● **Task brief**: What is needed is a word-for-word transcript of the listing, free of pictures.

● **Data segment**:
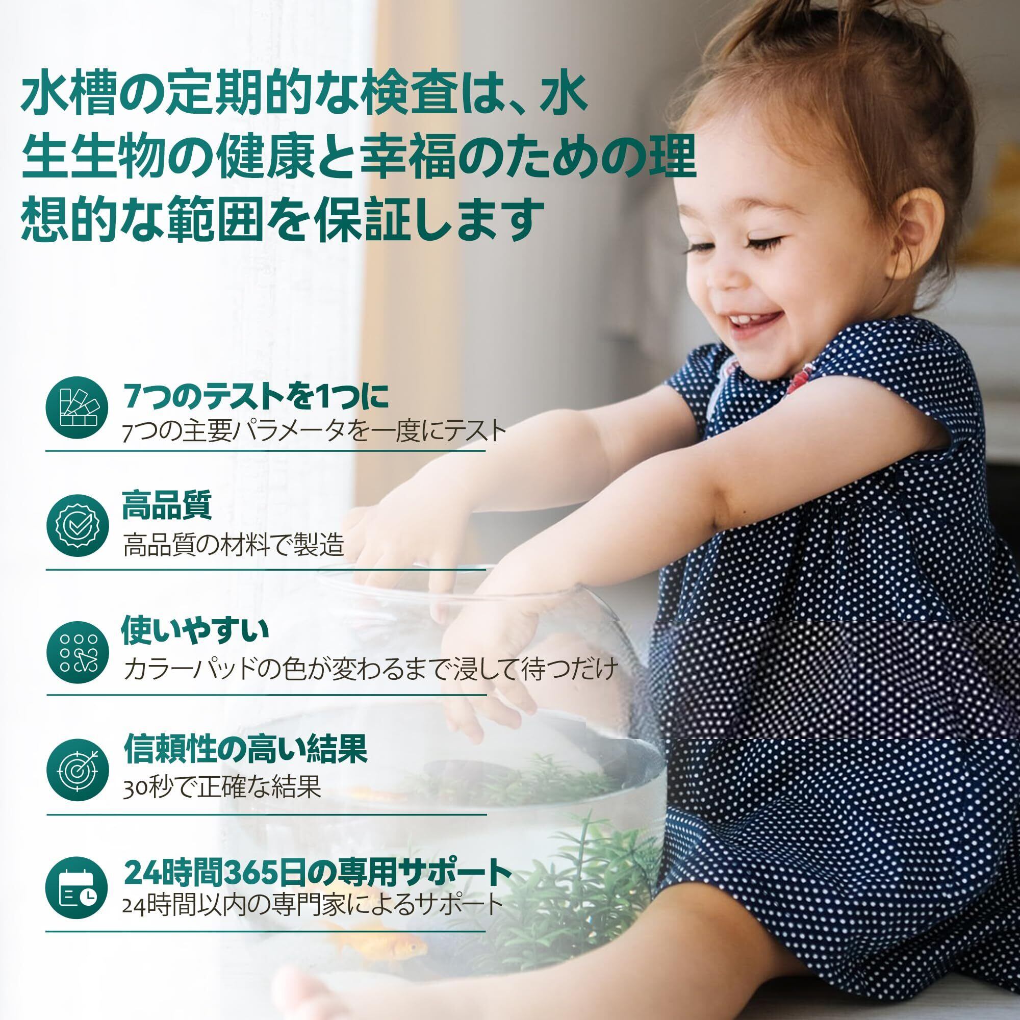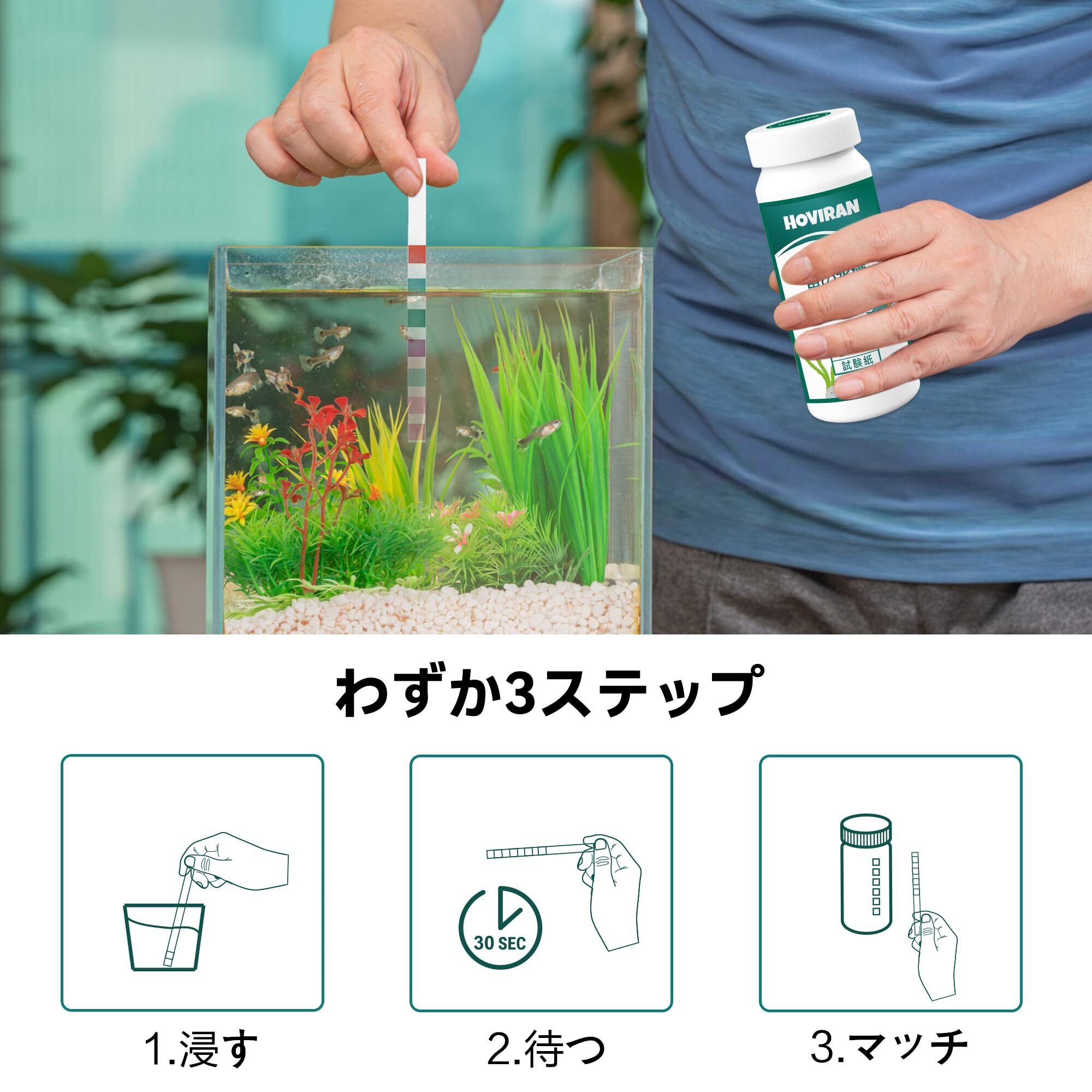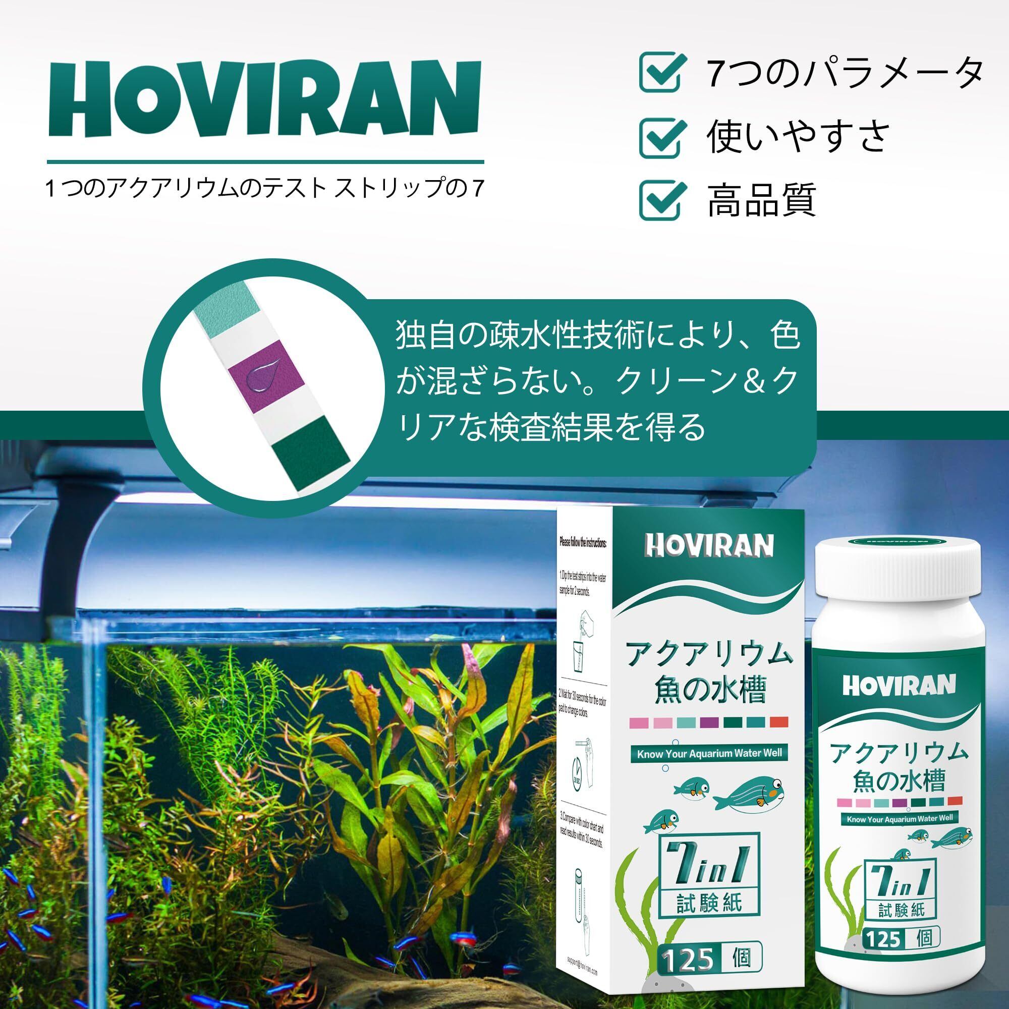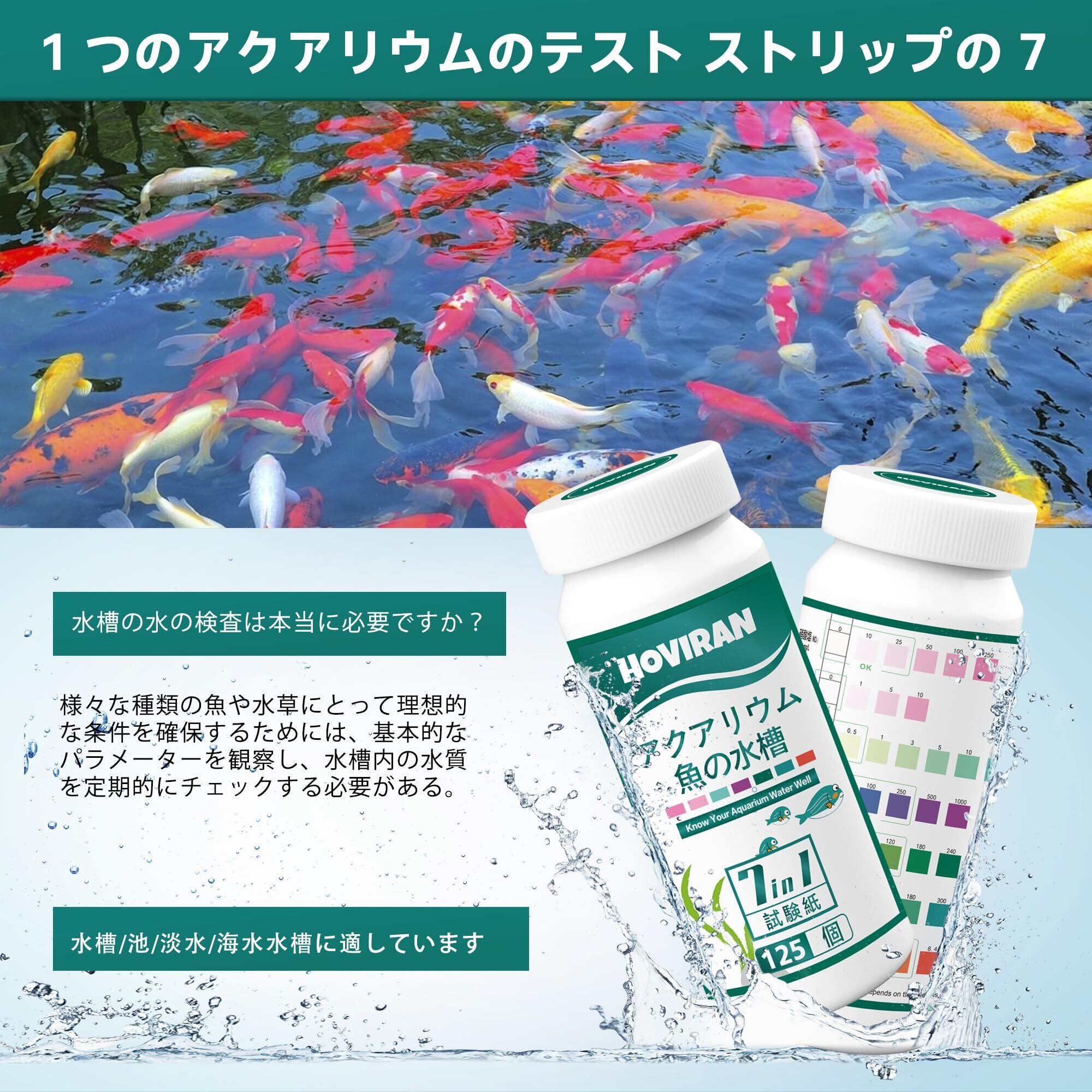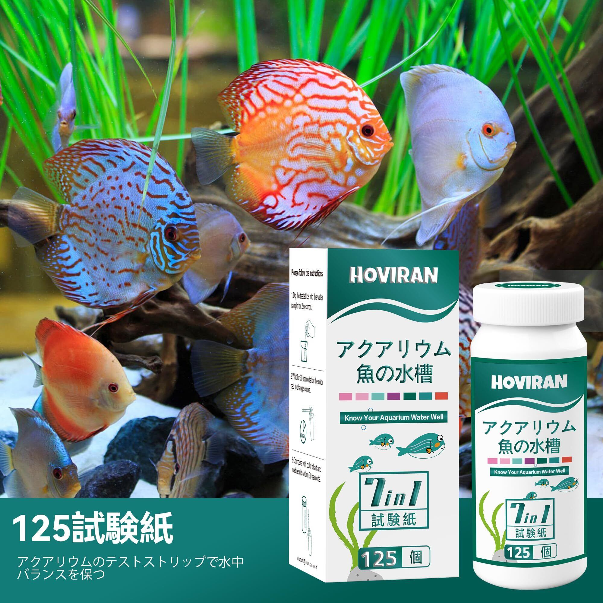 HOVIRAN アクアリウム 水槽 7 in 1 金魚 水質検査キット試験紙、塩素、総硬度、炭酸塩、アルカリ性、硝酸塩、亜硝酸塩および pH のための正確にテストします
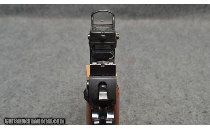 Description: This semi-automatic pistol is a Smith and Wesson Model 52-1 chambered in .38 S&W Special. It has a 4 inch barrel, 5 round magazine, and an Optima 2000 Reflex Sight installed. It is in overall very good condition with no visible bluing loss. .38 S&W Special SOLD Metal Condition: Minimal bluing loss Wood Condition: Original factory checkered wood grips Bore Condition: "Bright and shiny, crisp rifling Barrels: 4 inch Weight: 2 lbs 10 oz Sights: Fixed front sight and adjustable rear sight plus Optima 2000 Reflex Sight Item Location: Wichita, KS |
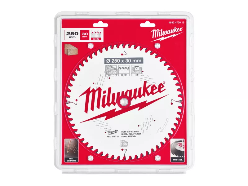 Milwaukee Körfűrészlap gérvágókhoz (Fához) 250x30x2.8x60 ATB - 1 db 4932472016
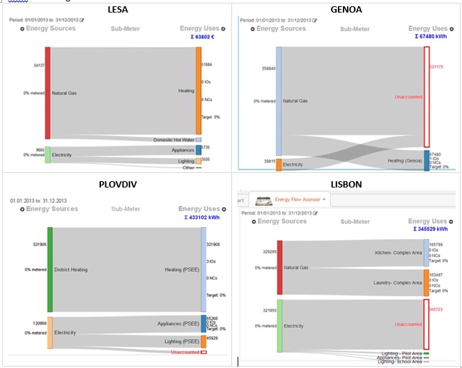 Energy savings for the Energy Conservation Measure (Action Plan) implemented in the four Pilots have been assessed also by using eeMeasure software tool (provided by the EC to validate results of EC-CIP projects). This assessment provides a good understanding of energy savings achieved on thermal, and lighting end-use consumptions. Results of 6 case studies performed for one year period, show that:

● **Solution to the problem**:
 HOVIRAN アクアリウム 水槽 7 in 1 金魚 水質検査キット試験紙、塩素、総硬度、炭酸塩、アルカリ性、硝酸塩、亜硝酸塩および pH のための正確にテストします
 Description: This semi-automatic pistol is a Smith and Wesson Model 52-1 chambered in .38 S&W Special. It has a 4 inch barrel, 5 round magazine, and an Optima 2000 Reflex Sight installed. It is in overall very good condition with no visible bluing loss. .38 S&W Special SOLD Metal Condition: Minimal bluing loss Wood Condition: Original factory checkered wood grips Bore Condition: "Bright and shiny, crisp rifling Barrels: 4 inch Weight: 2 lbs 10 oz Sights: Fixed front sight and adjustable rear sight plus Optima 2000 Reflex Sight Item Location: Wichita, KS |
 Milwaukee Körfűrészlap gérvágókhoz (Fához) 250x30x2.8x60 ATB - 1 db 4932472016
 Energy savings for the Energy Conservation Measure (Action Plan) implemented in the four Pilots have been assessed also by using eeMeasure software tool (provided by the EC to validate results of EC-CIP projects). This assessment provides a good understanding of energy savings achieved on thermal, and lighting end-use consumptions. Results of 6 case studies performed for one year period, show that:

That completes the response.